PCI and Fraud Analysis: To Have and Have Not
Written by David TaylorGuestView Columnist David Taylor is the Founder of the PCI Knowledge Base, Research Director of the PCI Alliance and a former E-Commerce and Security analyst with Gartner.
As merchants work to reduce the scope of PCI compliance and the risk due to having credit card data in their environment, some companies are actually taking access to this data away from people who need it to do their job, including the managers who are charged with investigating fraudulent credit card transactions. Instead of PCI controls helping reduce fraud, for some companies, they are making fraud detection more difficult.
We all know that PCI compliance creates dividing lines. Flat networks must be segmented. The number of databases that store—and applications that use—cardholder data needs to be reduced and the number of persons with full card number access needs to be reduced as well. The whole process of separating the “haves” from the “have nots” often leads to arguments and requires extensive justification on the part of those who maintain they must have the ability to see unencrypted card data in order to do their job.
This seems obvious: Why should marketing have access to full, unencrypted credit card data? Yet it still provokes arguments. Not because of the people or policies, but simply because of the applications and the costs of changing them. Two years ago, we talked to merchants who were able to get away with this, using compensating controls that reduced data volumes, logged each access, and restricted access to batches of transactions, etc.
Today, however, that sort of explanation will not fly with an assessor or processor who reviews an assessment. Although card data is still described by merchants we speak with as being “all over the place,” this is one department that is definitely a “have not.”

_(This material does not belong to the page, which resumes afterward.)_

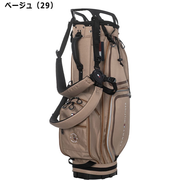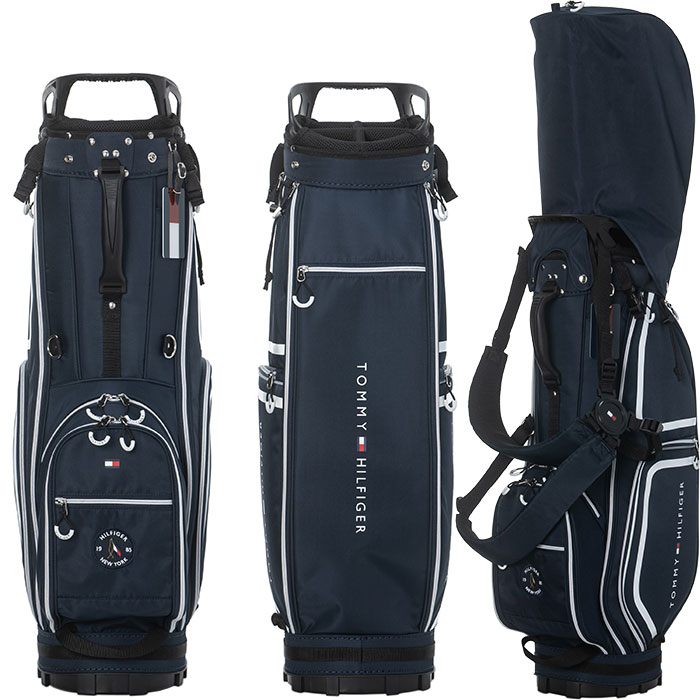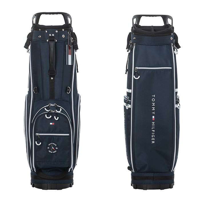 - 高級感のあるツイル素材にラインプリントが施されたキャディバッグ。 両肩で背負えるショルダーベルトを搭載し、セキュリティ・プライバシーを考慮したネームプレートポケット付き。 サイドポケット外側にはリフレクターパイピングを使用しており、夜道での移動も安心です。 口枠は9.0型で5分割、セパレーター数3分割。 ポケットは8つあり、機能性とスタイルを兼ね備えた一品です。 【素材】 素材:ポリエステル ネームプレート:アクリル 【サイズ】 9.0型/5分割/重量3.1㎏/46インチ対応

Loss Prevention is a more tricky call. Some LP departments are also responsible for E-Commerce LP (i.e., fraud analysis) as well as physical security, so they do have “caseloads” that include verifying specific transactions with banks. This may be a manual process that is the “back end” to the fraud analytics group, which are the folks who use the automated tools.
In other cases, the fraud management organization is completely separate from LP. In such cases, LP can probably get away with having “only” the cardholder name, plus the first 6 and last 4 digits of the card number. This will be sufficient for most purposes, especially when the investigation is manual and they’re talking about a specific case with a bank.